You know the sequence in which you do
something and it works right you go back
to the earlier discussion we had about
you know the ground truth and a reward
function. So the more of these kind of
um let's say trajectories as we call
them we have of you know how the work
was done successfully then we can go
back to the model and improve the model
in the first place and then that gives
you a lot more room let's say at the
application layer to go solve harder
problems. So you have like an
orchestrator in the middle that's
dispatching these different bots and
then they come back and show their work
and it helps check and do do the
necessary things to make sure things are
in good shape. Effectively you have
somebody who manages you have an agent
that manages the other agents right and
makes decisions decides what to tell
them also what not to tell them
depending on the what the task at hand
to not confuse them and then there is
that agent itself checks his own work
but then maybe there is another let's
say supervisor if you want if you wish
that also does spot checking and you
know validation of the work so you know
there is a lot of kind of that kind of
uh delegation and checks uh kind of
>> it's amazing it's amazing what what um
you guys have come up with what people
come with with these systems. Um, let
let me ask you, do you for the
orchestrator, do you need a uh smarter
model? Like do you go with like the the
foundational smartest foundational model
as the orchestrator and then uh maybe
you send like uh more specialized or a
little dumber open- source models to go
out and do some of these other things.
>> Yeah, that's valid because if you think
about it like if it's a specific task,
it takes one or two steps, right? So a
model that doesn't have to reason a lot
or for a for a long set of tasks is
sufficient. But if if that you have
something that has to plan across many
agents and across many many steps,
usually you want the most capable model
in terms of reasoning, which means
usually a very big model that is also
probably most likely a close proprietary
model.
>> Interesting. So that's that's the mix
that you have.
>> Yes. And we found Yeah. In some sense
maybe if we're to generalize at the top
level you usually have the most capable
model usually the most expensive also
and the biggest model and then the the
underlying tasks can be performed by
maybe either fast closed source models
or even open source models that you you
you post train for the task and then if
you think about it what it becomes in
the long run maybe a question is for a
given domain
is there going to be a specialized large
model that can reason very well that
maybe is owned by a company that just
does that or are going to have the
situation where like maybe we have these
horizontal models the current situation
basically right that that are applied
across domains and to be honest what do
you think I'm not sure I in my intuition
is that for large domains like software
like I don't know customer service uh
because there is u a lot of impact
economically it does make sense to
invest in in a in a in a model that's
domain specific and very good at what it
does I don't think you have to start
from zero right you take in all the
capabilities that exist maybe uh in in
in in a larger model but I do think I do
think we're going to end up in a
situation where the most capable model
in the domain is going to be a
specialized model that's really
interesting all right so let's talk a
little bit about culture here right um
these tools have come uh so fast and
furious and a thing that uh we hear
often is there's this like capability
overhang that the models can do more
than what people are taking advantage of
them uh to 2 and uh people are asking
GPT 5.2
uh the same questions they were asking
GPT3.
So talk a little bit about it's
interesting from your perspective.
You're working with engineers so these
people generally tend to appreciate what
technology can do.

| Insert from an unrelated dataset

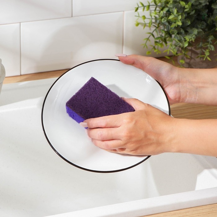 - Яркий дизайн: фиолетовый цвет губок придаст вашей кухне свежести и оригинальности.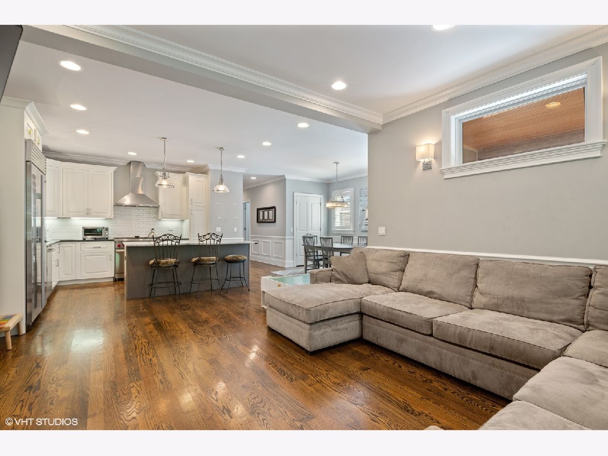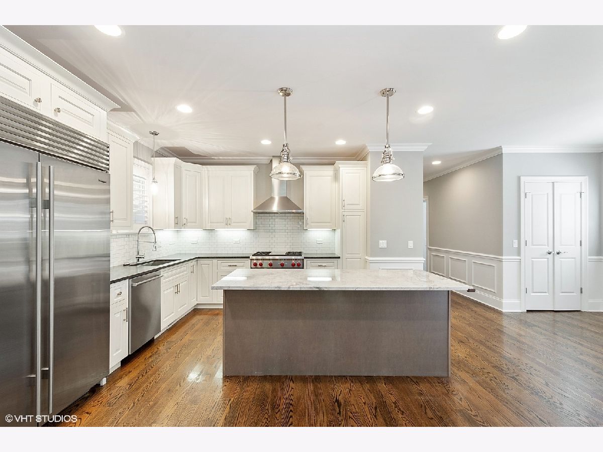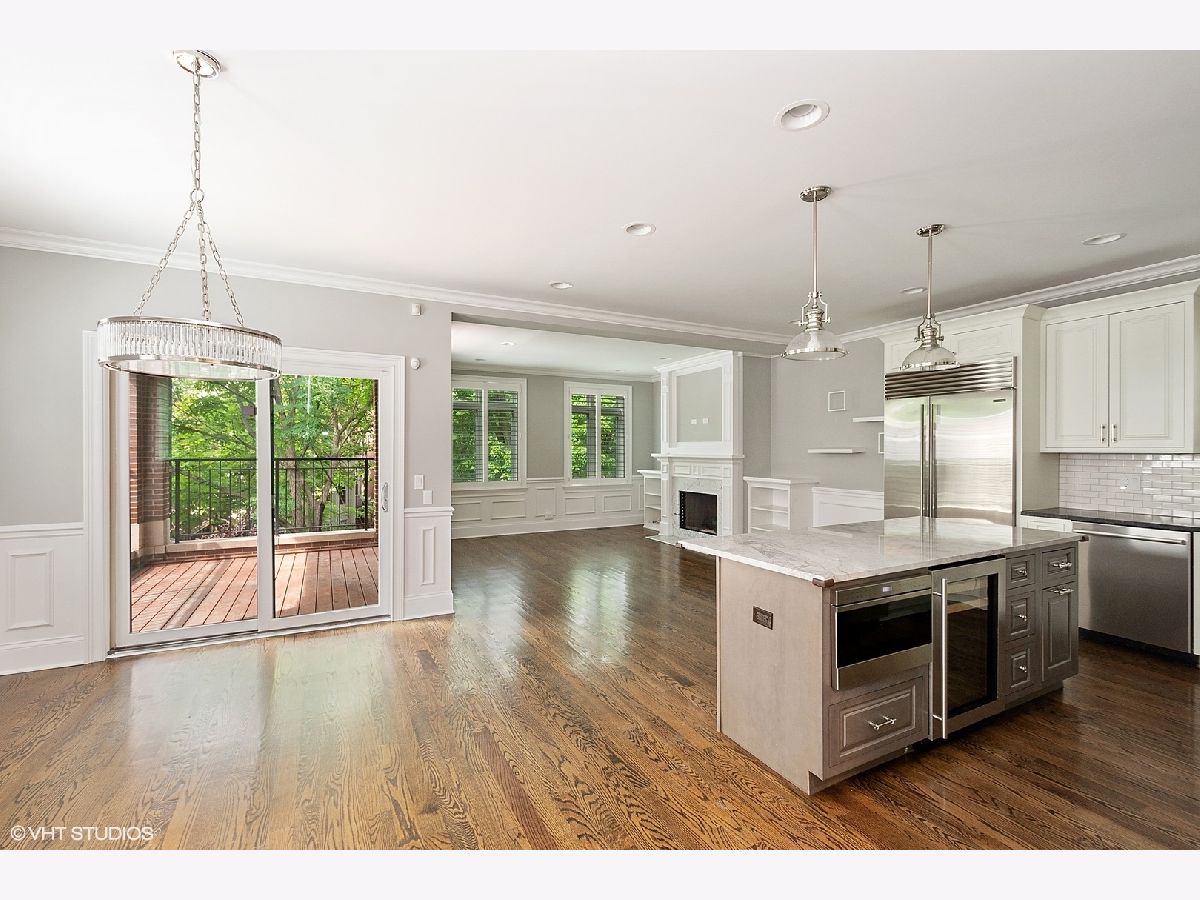 Extra wide and flooded with light, this Roscoe Village condo is BETTER than new. White chef's kitchen with oversized island, Sub-Zero and Wolf appliances opens to generously-sized living and dining spaces. Exceptional details throughout include custom millwork, attractive custom wood shutters, hardwood floors, and beautiful fireplace. Oversized balcony off dining room and large PRIVATE rooftop deck above the garage. Luxurious bathrooms throughout, including a large master bath featuring steam shower. Garage Parking space included. Walk to everything!

What is the uh
interest in adopting this stuff been
like? And has there been any sort of oh
if we use this you know AI um system
that's going to make sure that we stay
up if there's a problem then what are we
going to do?
This is a valid question and concern.
Now I do think maybe engineers are the
earliest adopters you can find. So that
generally helped also in getting AI to
be widely adopted for coding and now the
subsequent steps of software software
engineering like we see ourselves with
the adoption of of resolve AI. Uh but
there's still sometimes two things
happening also right there is some
natural resistance to change. It's
difficult for for for humans to change
their habits very very quickly and it
takes you know different people with
different personalities sometimes are
more resistant to change. So that is
definitely uh an issue and I do think
there is a concern about you know
people's jobs sometimes. Now my
perspective on this is the following
especially in software engineering where
some of the most highly paid
professionals in the world and I think
by us producing more technology I I I
don't think the end state here is going
to look something like where we have
fewer software engineers but also this
is not what the the the the
is not the optimization formula in my
opinion right it almost doesn't matter
if we have like all these highly more
highly paid people or less highly paid
people I think the the what we should be
optimizing for is can we produce
technology a lot faster that in the end
benefits the entire world right like I
said by solving harder problems or let's
say problems that maybe are too
expensive today so in that sense yes we
have to push through this resistance
because I do think the end goal is
beneficial to to everybody
um there there's so when I speak with
engineers
they I we have great conversations about
this stuff it's almost like you can
speak with an engineer and you get a
sense as to what the future's going to
be like because they have the most
tooling um right at their fingers tips
and they can tell you, oh, this is, you
know, it's doing well here or it's
having this effect on me or, you know,
we're we're doing this in our office or
we couldn't get this done. One of the
things that I've heard is people are
thinking, well, if um you know, if
coding it gets handed to the AIS, then
people will like kind of lose the
ability to code and um and then it's
fine until something breaks. And so I
always thought oh like maybe you know
you'll have engineers will become
effectively the auditors and the fixers
of the AI produced code but and again
we're talking it you have much more code
because of AI. Um and you've built this
solution that says you know we'll just
uh help help that auditing and the
fixing uh with technology itself. Um so
then what does that I mean what do you
think that that uh if this works the way
you anticipate where do you think that
leaves the end state of engineering
skills um you know do you think that
that engineers will risk uh you know
having some of those skills atrophy if
the AI does a good enough job?
Yeah, like with every technological
evolution, obviously we get a lot of
leverage as humans to produce, you know,
outcomes a lot faster, right? We're not
uh resisting using machines for other
domains. I think the same applies to to
to software and, you know, software over
the last 50 years moved uh you know,
from very low level, let's say, coding
for the machine itself to like different
layers of abstraction with operating
systems and high level languages. I
think AI is just another abstraction and
I don't think the answer to this is uh
or the concern is are humans are
engineers going to atrophy it has all
the skills to produce code or run code.
I think the real answer is that we
should produce agents that do both parts
very well. They should produce code very
quickly but they should also be able to
run maintain improve troubleshoot code
the same way and engineers should be now
should be will be very quickly in my
opinion operating at the higher level of
abstraction where they won't have to
worry also a lot about these low-level
kind of specific bespoke things of the
tool that you have at your disposal like
query languages and you know how exactly
should I call this API or this CLI to
get to an answer just simply this is
going to be done all this heavy lifting
and stressful work is going to be done
by AI and we're going to be operating at
a level above and I think that's
desirable and I don't think it it is a
risk or a concern.
>> Okay, here's my last question for you.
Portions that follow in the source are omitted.